■ **TASK GOAL**
Return every line of the records, exact and in full, until you have returned the line with "(v.l.) 1. Reihe: (Maria, Jesus", and include none of the pictures.

■ **DATA IN THIS EXERCISE**
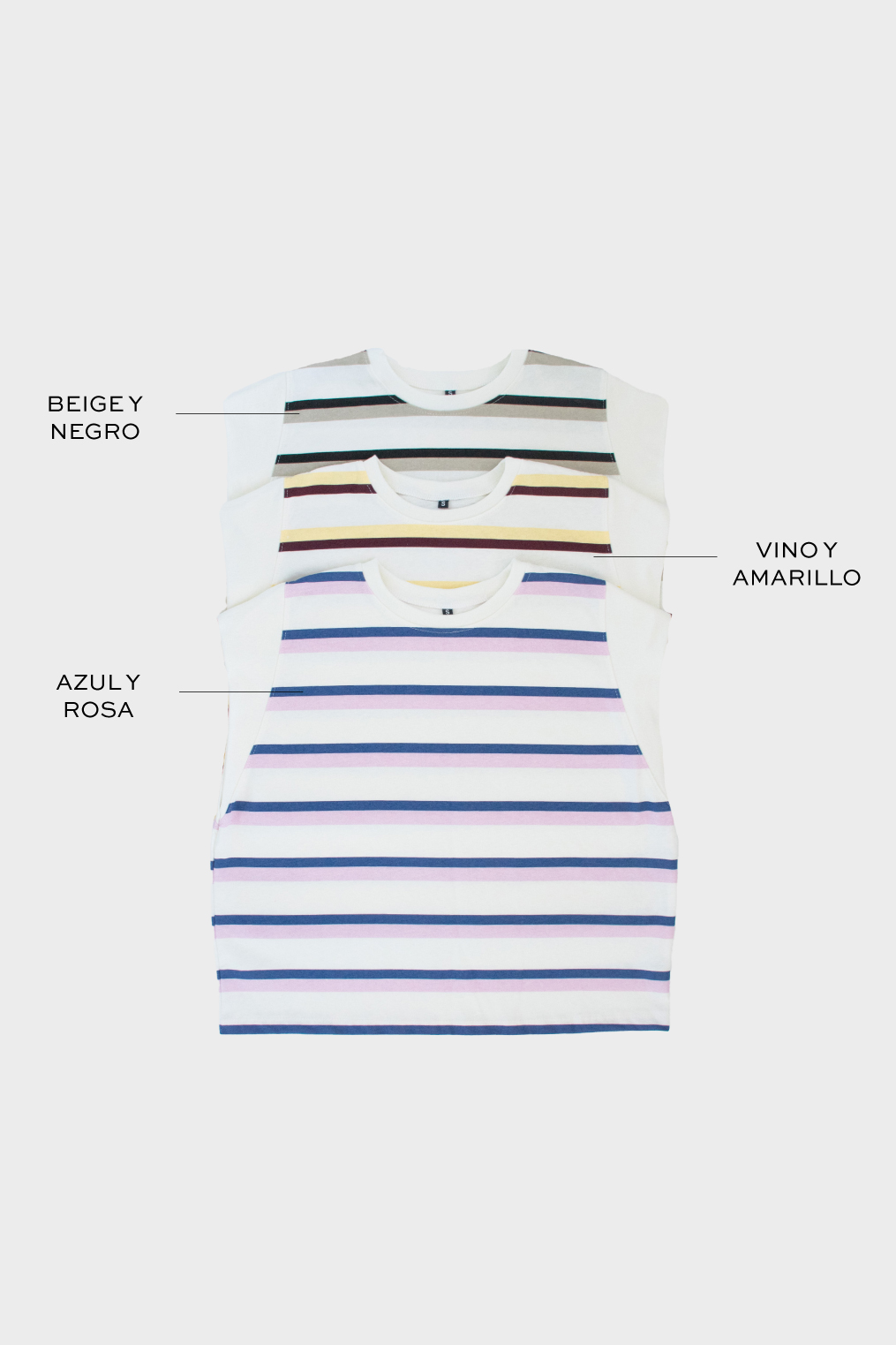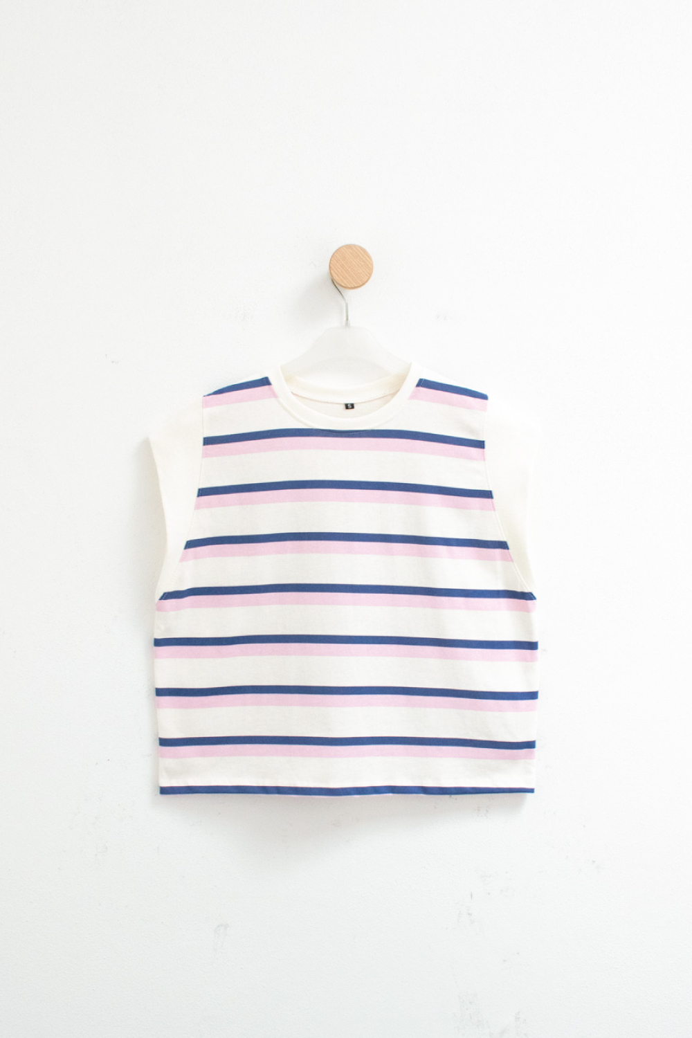 Remera en jersey algodón rayado con cuello redondo y silueta holgada. Modelo con hombros caídos de ribb.
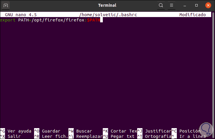 Allí ingresaremos la siguiente línea la cual redirecciona al ejecutable de Firefox:
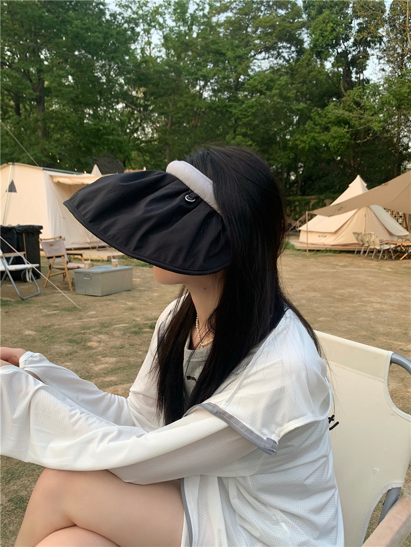 업그레이드 된 블랙 고무 쉘 모자 여름 햇빛 반대로 자외선 얼굴 음영 빈 탑 모자 어린이 대형 브림 선 스크린 태양 모자
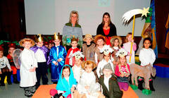 (v.l.) 1. Reihe: (Maria, Jesus und Josef) Elisa, Felix, Maximilian, 2. Reihe: (Schafe) Finn, Anna, Sophie, 3. Reihe: (Engel, Hirten und Könige) Tobias, Jakob, Ben, Björn, Lukas, Antonia, Lea, Stefanie, Victoria, 4. Reihe: (Leitung und Gruppenleiterin) Brigitte Szukits und Yvonne Eipeldauer
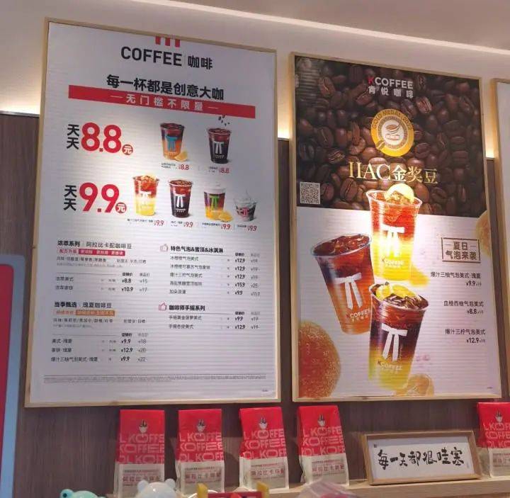 文|王崭 越来越卷的咖啡赛道,挤进了一位“豪门”。 瑞幸和库迪的贴身肉搏战还没有结束,肯德基就带着自己旗下的肯悦咖啡闯进了拥挤的咖啡赛道,挥舞着9.9元的低价旗帜,用几乎一天开一家店的速度,快速占领市场。 最能触及消费者神经的,就是价格。小红书、抖音和微博上,出现了无数关于肯悦咖啡“羊毛”的帖子和分享,比瑞幸更低的价格,更是牢牢抓住了消费者的眼球,让肯悦咖啡成为了新一代“咖啡卷王”。 ![]() CBNData大数据显示,中国咖啡产业规模快速扩大,2022增速逾20%,预估至2025年总值将突破3693亿元。仅2023年,咖啡赛道融资总额就接近20亿元。 在这时入局的肯悦咖啡,算得上一位“富二代”, 肯悦咖啡背靠肯德基超10000家中国门店,在2024年用几乎一天开一家店的速度快速入局。 一面,是肯德基和背后百胜中国所面临的增长焦虑;一面,是群狼环伺、竞争激烈的咖啡赛道。肯悦咖啡能复制瑞幸的成功吗? 01、一天开出一家店,最低只要5块钱 “已经爆单了。”开业第四天,杭州东站出发层的肯悦咖啡挤满了人,店员在吧台内忙碌,偶尔解答顾客的疑问。 6月30日,杭州东站和杭州萧山国际机场的肯悦咖啡门店开始正式营业,肯悦咖啡全国门店总数达到200家。和200家门店一起出现的,还有新品“蛋挞Dirty”,迅速成为小红书上的又一“网红单品”。 ![]() 记者走访了杭州东站的第200家肯悦咖啡门店。这家位于站内出发层的肯悦咖啡虽说是单独的门店,但从现场情况看来,更像是在肯德基门店内单独设置了一个小吧台,由肯德基的员工单独制作咖啡饮品。 肯悦咖啡的电子屏幕显示,现磨雪顶咖啡系列为24元、27元,瑰夏系列分别为20元、22元和24元。但一位吧台内的肯德基工作人员表示,只需要扫描柜台上的小程序码,就能领取一张9.9元的全场咖啡优惠券,“小程序本身有两张9.9元的优惠券,但是不适用于东站的交通枢纽餐厅。柜台扫码领的券能在店内使用,所有咖啡都能9块9喝到”。 除了在吧台内引导消费者领取优惠券,店内肯德基的工作人员也时不时提醒进店的消费者有咖啡优惠活动,在店员的卖力宣传下,不少到店消费者都选择下单一杯9.9元的咖啡“尝鲜”。虽然下单人数众多,但出餐速度依旧很快,大多数人只等待3—4分钟就取到了咖啡。 ![]() 蛋挞Dirty和气泡美式 社交平台上,肯悦咖啡的蛋挞Dirty是网红单品,但线下,蛋挞Dirty的评价却有些两极化。 一位点了蛋挞Dirty的消费者表示,“感觉过甜了,蛋挞酥皮被咖啡一泡也软了,不会喝第二次”。另一位消费者则表示,感觉口味很适合自己,之后还会尝试蛋挞Dirty。一些点了拿铁、生椰拿铁等常规产品的消费者,则纷纷表示咖啡口味不错。 点击进入小程序,除了26款可以使用9.9元优惠券的咖啡,就只有蛋挞吐司等产品。下午两三点时段,肯悦咖啡近一个小时就卖出了近60杯咖啡,我们询问一位店员销是否“爆单”,她也直言:“算是爆单了。” 不过,杭州东站肯悦咖啡门店“爆单”,可能是因为杭州东站自带的流量:杭州“上城发布”公众号在一篇2023年的报道中提及,杭州东站日均客流38万人次,稳居华东第一、全国第二。 ![]() 这家肯悦咖啡门店边上就是肯德基门店,两家门店中间开了一个小门连接,店内面积大概只有十平方米,与之相对的则是星巴克。我们在下午四点左右到达,肯悦咖啡门店内只零散地坐着三四位顾客。 一位顾客在前台点单,店员一边介绍着店内9.9元和咖啡的活动,一边介绍着“肯悦咖友卡”,“就是咖啡月卡,一个月8.8元,不会自动续费。每天有三张优惠券,5元买卡布奇诺、美式和拿铁,7元买气泡美式,最贵的就10元。一单就回本了”。 面对顾客太晚喝咖啡影响睡眠的担忧,店员还贴心表示,部分咖啡可以选择“去咖啡液”,比如气泡美式,去咖啡液后就相当于一杯气泡果汁,而且肯悦咖友卡能在普通的肯德基门店使用,“只是肯德基门店的咖啡种类会少一点”。 目前,杭州的几家肯悦咖啡基本有26款咖啡饮品,而杭州东尚城肯德基门店显示,店内只有6款咖啡饮品,杭州新解百肯德基门店则有着11款咖啡饮品,两家门店均可使用肯悦咖友卡。 ![]() 一位购买了肯悦咖友卡的消费者直言,自己未来一个月可能都会持续购买肯德基的拿铁,“和瑞幸没什么差别,但只要5元一杯,我肯定选肯德基了”。 相较于杭州东站的肯悦咖啡,这家位于下沙大学城附近的肯悦咖啡多了蝴蝶酥这一产品,在下午四五点的人气并不高,一个小时只卖出了四五杯咖啡,店员表示,“早上和下午两三点人比较多,现在过了高峰期,同时大学放暑假也会有一定影响”。 02、豪门也有增长焦虑 肯悦咖啡不是什么新加入的角色。 2014年,KCOFFEE(肯悦咖啡)就已经出现在了肯德基门店内,直到现在,不少肯德基门店内依旧有“KCOFFEE”的招牌。在2016年时,KCOFFEE的平价现磨咖啡累计销售就超过一亿杯。 ![]() 直到今年,肯悦咖啡才逐渐以一天开一家店的速度,高调进入咖啡赛道。 今年3月29日,肯悦咖啡在官方公众号发布消息,宣布开启为期10天的百店同庆,全场咖啡只要9.9元;6月30日,肯悦咖啡开启200店同庆。 肯悦咖啡还表示,近期还将有42家门店开业,这42家门店有的位于上海、深圳这类超一线城市,有的则位于合肥、南京和济南等省会城市,有的则位于六盘水、咸宁和石狮等四五线城市。 “K-Coffee(肯悦咖啡)继续保持良好的增长势头,第一季度的杯数销量增长30%。我们

■ **TASK ANSWER**
 Remera en jersey algodón rayado con cuello redondo y silueta holgada. Modelo con hombros caídos de ribb.
 Allí ingresaremos la siguiente línea la cual redirecciona al ejecutable de Firefox:
 업그레이드 된 블랙 고무 쉘 모자 여름 햇빛 반대로 자외선 얼굴 음영 빈 탑 모자 어린이 대형 브림 선 스크린 태양 모자
 (v.l.) 1. Reihe: (Maria, Jesus und Josef) Elisa, Felix, Maximilian, 2. Reihe: (Schafe) Finn, Anna, Sophie, 3. Reihe: (Engel, Hirten und Könige) Tobias, Jakob, Ben, Björn, Lukas, Antonia, Lea, Stefanie, Victoria, 4. Reihe: (Leitung und Gruppenleiterin) Brigitte Szukits und Yvonne Eipeldauer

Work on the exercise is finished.